* [TASK OBJECTIVE] Below are some records. Retype exactly the lines from the one containing "焦思苦虑 是一个汉语成语,字" through the one containing "Flugzeuge Zivil JAL", both included, skipping every picture.

(Saved data entries)
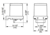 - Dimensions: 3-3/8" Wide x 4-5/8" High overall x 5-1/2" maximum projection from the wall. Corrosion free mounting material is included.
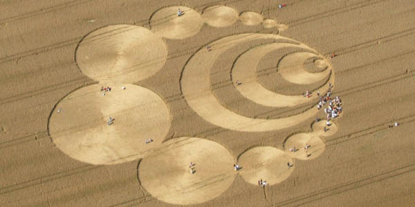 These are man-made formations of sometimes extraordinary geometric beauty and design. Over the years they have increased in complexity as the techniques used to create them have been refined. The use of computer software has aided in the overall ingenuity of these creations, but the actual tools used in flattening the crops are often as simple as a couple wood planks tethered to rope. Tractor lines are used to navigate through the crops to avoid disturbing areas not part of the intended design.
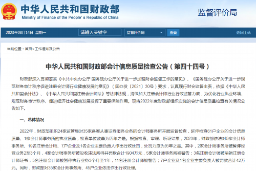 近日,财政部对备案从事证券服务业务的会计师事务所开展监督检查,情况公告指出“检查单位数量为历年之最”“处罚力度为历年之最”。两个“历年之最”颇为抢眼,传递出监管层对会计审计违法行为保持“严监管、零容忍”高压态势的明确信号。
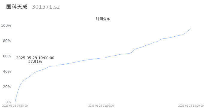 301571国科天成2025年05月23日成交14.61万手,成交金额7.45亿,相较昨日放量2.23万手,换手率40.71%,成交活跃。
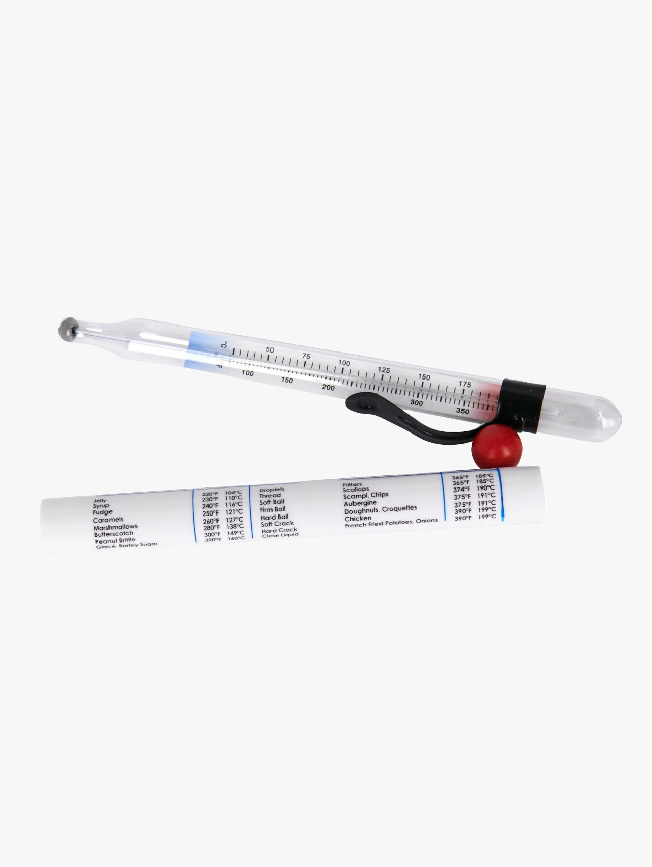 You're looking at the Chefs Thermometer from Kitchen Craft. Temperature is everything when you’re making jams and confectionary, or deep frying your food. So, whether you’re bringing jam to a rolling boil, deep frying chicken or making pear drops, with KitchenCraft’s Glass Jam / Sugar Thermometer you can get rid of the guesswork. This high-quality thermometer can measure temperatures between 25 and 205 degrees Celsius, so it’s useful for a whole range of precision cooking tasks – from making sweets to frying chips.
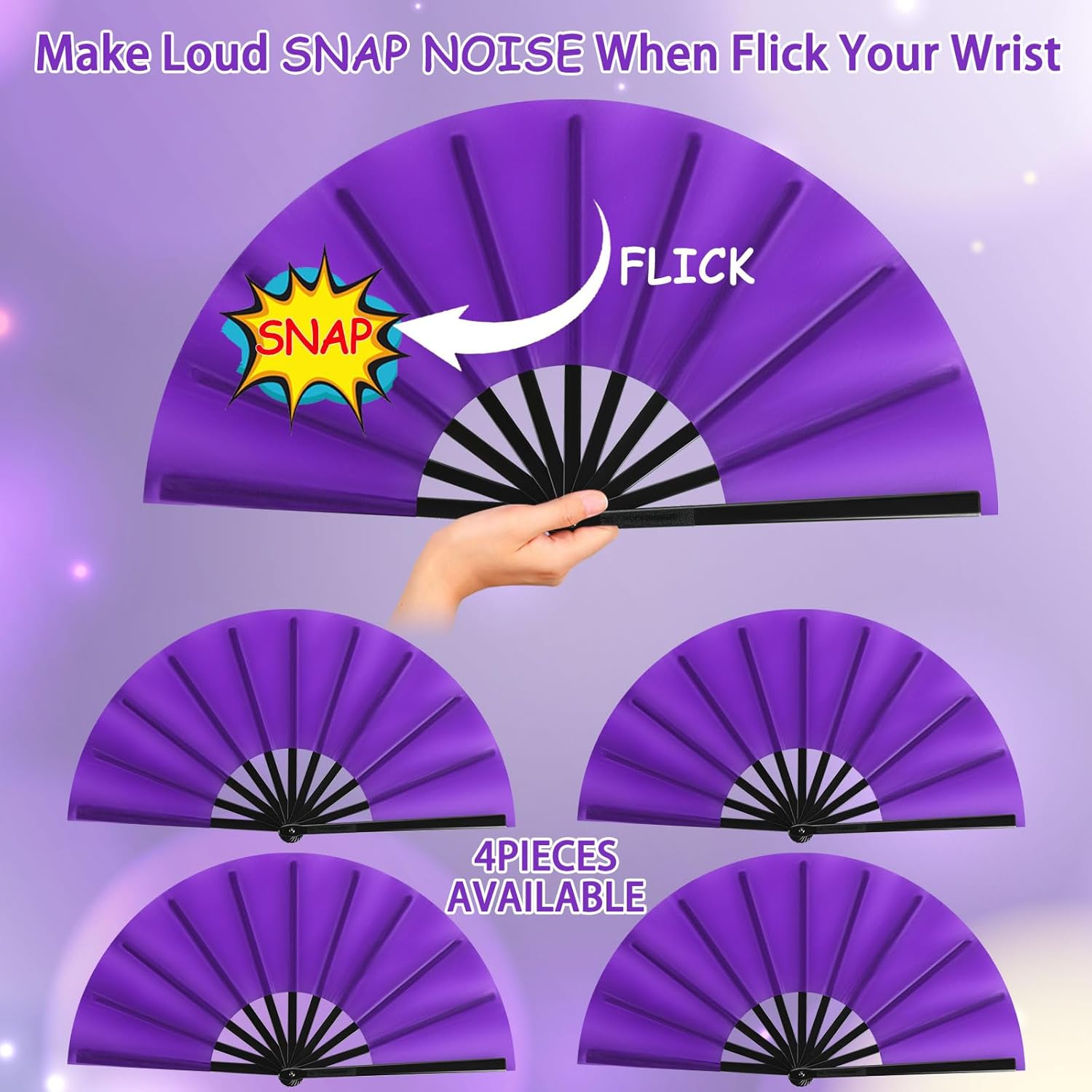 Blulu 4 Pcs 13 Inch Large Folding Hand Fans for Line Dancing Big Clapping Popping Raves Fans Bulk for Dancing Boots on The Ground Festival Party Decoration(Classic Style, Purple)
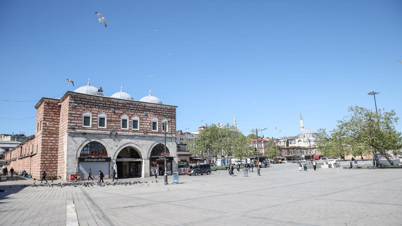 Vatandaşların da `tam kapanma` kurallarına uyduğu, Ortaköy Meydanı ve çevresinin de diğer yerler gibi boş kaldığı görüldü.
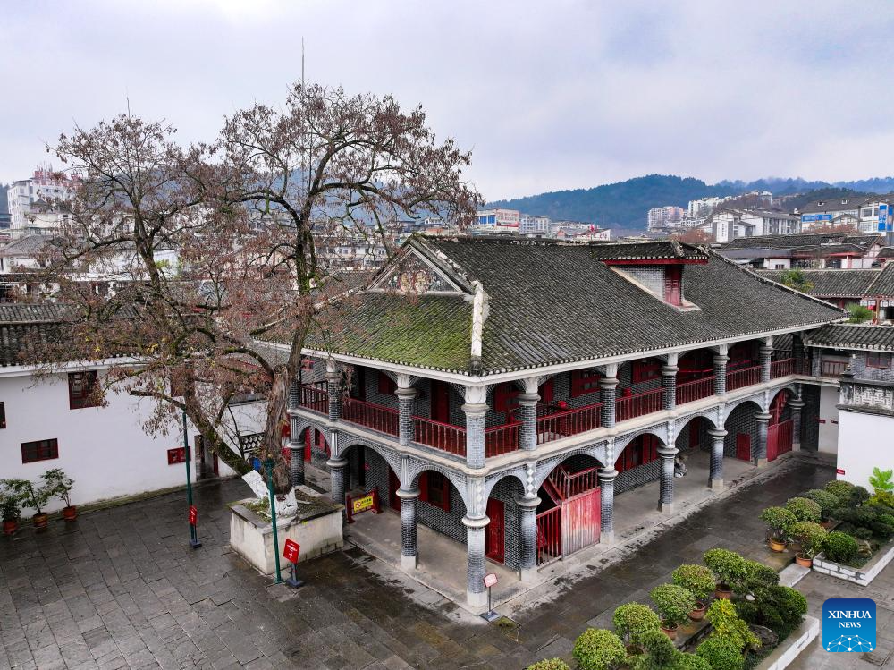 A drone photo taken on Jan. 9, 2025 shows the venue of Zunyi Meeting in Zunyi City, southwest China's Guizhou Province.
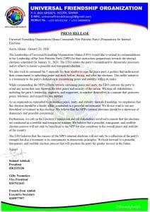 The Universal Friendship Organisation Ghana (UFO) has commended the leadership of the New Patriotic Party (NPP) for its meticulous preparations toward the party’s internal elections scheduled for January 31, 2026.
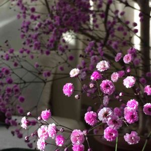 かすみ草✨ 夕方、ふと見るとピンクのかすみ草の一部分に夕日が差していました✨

* * *

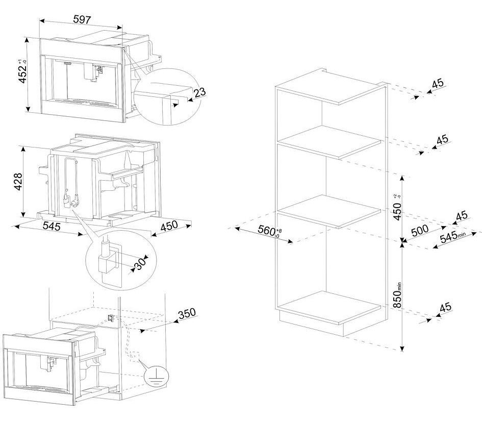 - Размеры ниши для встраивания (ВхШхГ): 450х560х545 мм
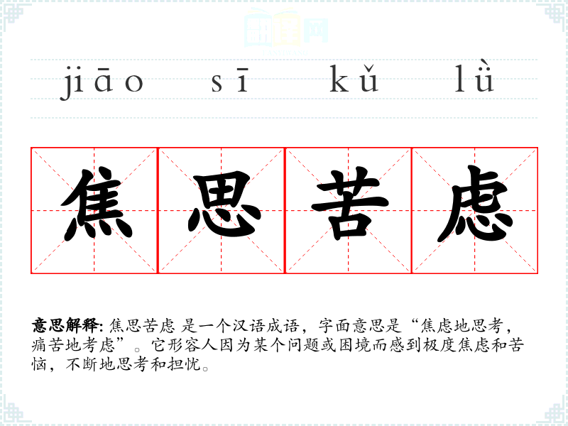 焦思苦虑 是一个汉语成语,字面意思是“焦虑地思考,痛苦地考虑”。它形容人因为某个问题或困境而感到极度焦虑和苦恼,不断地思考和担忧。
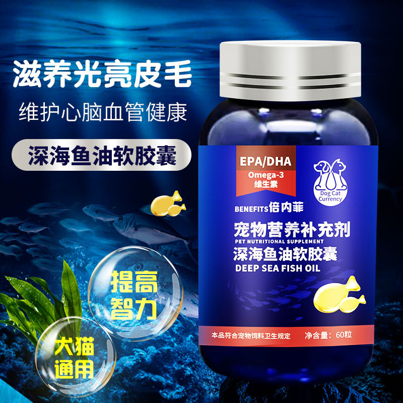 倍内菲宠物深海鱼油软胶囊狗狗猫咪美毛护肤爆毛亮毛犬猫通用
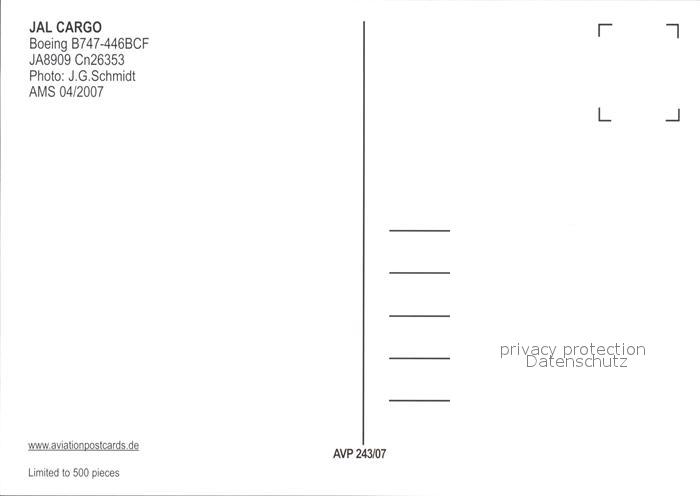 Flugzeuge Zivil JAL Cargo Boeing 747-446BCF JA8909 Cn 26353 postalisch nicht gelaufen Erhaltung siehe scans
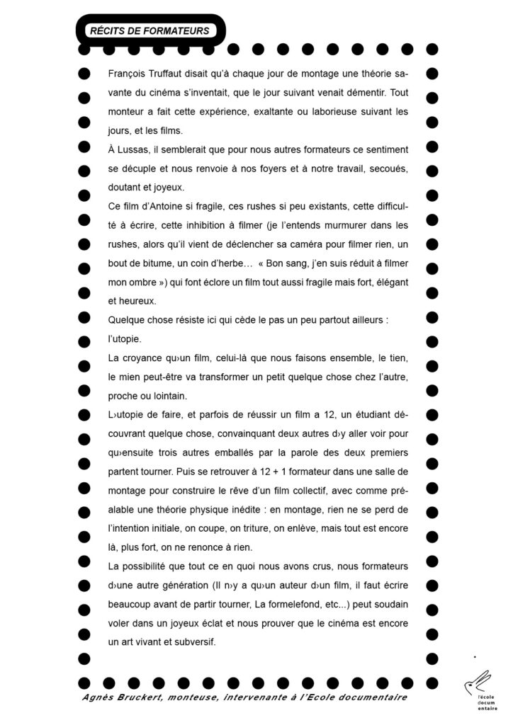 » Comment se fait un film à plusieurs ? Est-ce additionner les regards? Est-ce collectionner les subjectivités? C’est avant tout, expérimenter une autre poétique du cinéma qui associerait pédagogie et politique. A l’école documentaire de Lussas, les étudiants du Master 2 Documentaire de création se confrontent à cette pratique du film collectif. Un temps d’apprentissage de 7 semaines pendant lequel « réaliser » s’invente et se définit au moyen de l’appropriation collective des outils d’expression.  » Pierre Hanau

...

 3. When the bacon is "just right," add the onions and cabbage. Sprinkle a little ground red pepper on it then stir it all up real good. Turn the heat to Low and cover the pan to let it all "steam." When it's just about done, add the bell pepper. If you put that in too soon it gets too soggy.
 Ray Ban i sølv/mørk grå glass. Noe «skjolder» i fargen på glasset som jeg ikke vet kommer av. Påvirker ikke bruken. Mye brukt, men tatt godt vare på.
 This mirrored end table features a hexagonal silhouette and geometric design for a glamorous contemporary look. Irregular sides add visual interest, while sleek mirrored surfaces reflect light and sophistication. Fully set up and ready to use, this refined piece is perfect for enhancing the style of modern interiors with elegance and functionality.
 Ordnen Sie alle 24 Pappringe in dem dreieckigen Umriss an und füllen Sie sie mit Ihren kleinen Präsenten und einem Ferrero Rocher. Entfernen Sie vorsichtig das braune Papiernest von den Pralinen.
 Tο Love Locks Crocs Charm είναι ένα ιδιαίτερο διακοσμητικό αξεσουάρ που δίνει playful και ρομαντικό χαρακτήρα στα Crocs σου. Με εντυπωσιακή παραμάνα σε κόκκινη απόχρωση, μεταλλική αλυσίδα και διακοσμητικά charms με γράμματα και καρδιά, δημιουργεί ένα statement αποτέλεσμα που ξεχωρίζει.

* [RESPONSE AREA]
 焦思苦虑 是一个汉语成语,字面意思是“焦虑地思考,痛苦地考虑”。它形容人因为某个问题或困境而感到极度焦虑和苦恼,不断地思考和担忧。
 倍内菲宠物深海鱼油软胶囊狗狗猫咪美毛护肤爆毛亮毛犬猫通用
 Flugzeuge Zivil JAL Cargo Boeing 747-446BCF JA8909 Cn 26353 postalisch nicht gelaufen Erhaltung siehe scans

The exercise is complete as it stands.